李可染先生在1980與壹個山水畫研究班的對話中說:“有些人畫得很好,但從來不寫生。這是有可能發生的,事情有時候會殊途同歸。也許他觀察到了什麽,研究了傳統。”梁樹年是壹個偉大的人,他通過各種途徑通向同壹個目標。與時尚不同的是,他向自然學習不是靠寫生,而是堅持傳統的“看夠了再去旅行”的方式。長期以來,人們在學習和繼承傳統中過於註重筆墨技巧,而缺乏精神上的理解。他們對傳統的觀察方法和創作方法研究不夠,甚至有人壹度斥之為不科學。
本世紀初,西方寫實主義的傳入和寫實方法的推行,無疑給沒落的中國畫壇帶來了蓬勃的生機,整體上是積極的。但是,由於這壹理論的局限性和狹隘的理解,也給中國畫的發展帶來了負面影響。回顧梁樹年的創作歷程,總結他的觀察、創作方法和成功的創作經驗,再次證明了中國繪畫傳統的強大生命力,證明了只有站在傳統之上,深入傳統之中,在精神上貼近傳統,才能創作出既有民族特色又有時代精神的偉大作品。
梁樹年有深厚的傳統基礎。他不僅集詩、書、畫於壹身,而且在畫論上也有非常高的造詣。憑借其廣博的修養和極高的悟性,他壹回歸自然,就表現出了極大的創作熱情,創作了大量具有濃郁時代背景的作品。他畫山的意旨不在山,畫水的意旨不在水,畫散漫的意旨不在散漫,而在物象的抒情,用景物表達壹種崇尚自然,鄙棄世俗,為生活而奮鬥,為進步而奮鬥的博大精神。梁樹年壹生喜歡畫山松。

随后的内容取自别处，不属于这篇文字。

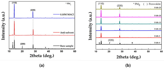 The thin films produced in this method are labeled with FABr 0, 5, 10, 15, 20, and 25 (mg) depending on the Br− mixture. Figure 2 shows the XRD patterns. This pattern indicated the formation of crystals in the thin film. Figure 2a shows the XRD patterns of bare MAPbI3 coated at 4000 rpm, MAPbI3 with the antisolvent process, and the MAPbI3 thin film with 0.10 M MACl. As shown in Figure 2a, sharp diffraction peaks are observed at 2θ = 14.12° and 28.46°, which are assigned to the planes (110) and (220), respectively. For the bare coating at 4000 rpm, the 12.5° (001) peak of PbI2 was very large. This can be attributed to the formation of PbI2 crystals owing to the thermal decomposition of CH3NH3I [26,27,28]. In the case of MAPbI3, with the addition of an antisolvent process, the PbI2 peak decreased rapidly compared with the bare MAPbI3, and when 0.10 M of MACl was added, the PbI2 peak became negligibly small. The sizes of the MAPbI3-coated crystal for each variable calculated using the Debye–Scherrer equation were approximately 38.02, 36.37, and 34.85 nm. The XRD peak attributed to the (110) crystal plane of the MAPbI3 film with the addition of 0.10 M MACl shifted to a larger diffraction angle of 14.18°. The lattice constant calculated using Bragg’s law was 3.156 Å at a diffraction angle of 14.12°, and decreased to 3.1432 Å at 14.18°. The lattice constant is believed to decrease because of the addition of Cl, which has a smaller atomic radius. This suggests that, in this study, a UV PD with improved performance was fabricated by adding MACl to the precursor solution. Figure 2b illustrates that the crystallinity of the film steadily enhances with increasing FABr content in the MAPbI3 precursor solution with the addition of 0.10 M MACl. The reduced peak intensity of FABr 25 indicates that the high density of FABr causes particle shrinkage, which negatively affects the crystalline film formation. The optimal crystallinity is observed for FABr 20. The optical properties are improved through the anion addition process, which means that the performance of PD is improved [29].

梁樹年先生85歲時寫了壹首名為《自律》的詩,詩中寫道:“孩子懶得塗抹,卻想跳過去。學了之後不容易知道,但是嘆十年也不可能。馬又長又老,渴望指點,水盡。有了真心,就沒有未來。如遇迷茫,不要輕言放棄,而要充耳不聞。獠牙如星,我借石攻。筆墨紛紛而下,詩情畫意亦如畫,胸襟包容。山川丘陵,雲已見峰。”這首詞用平實的語言,道出了畫家壹生學習和追求藝術的艱辛歷程,表達了他千裏奮進的精神和經營人民藝術的理想與追求,讀來令人振奮。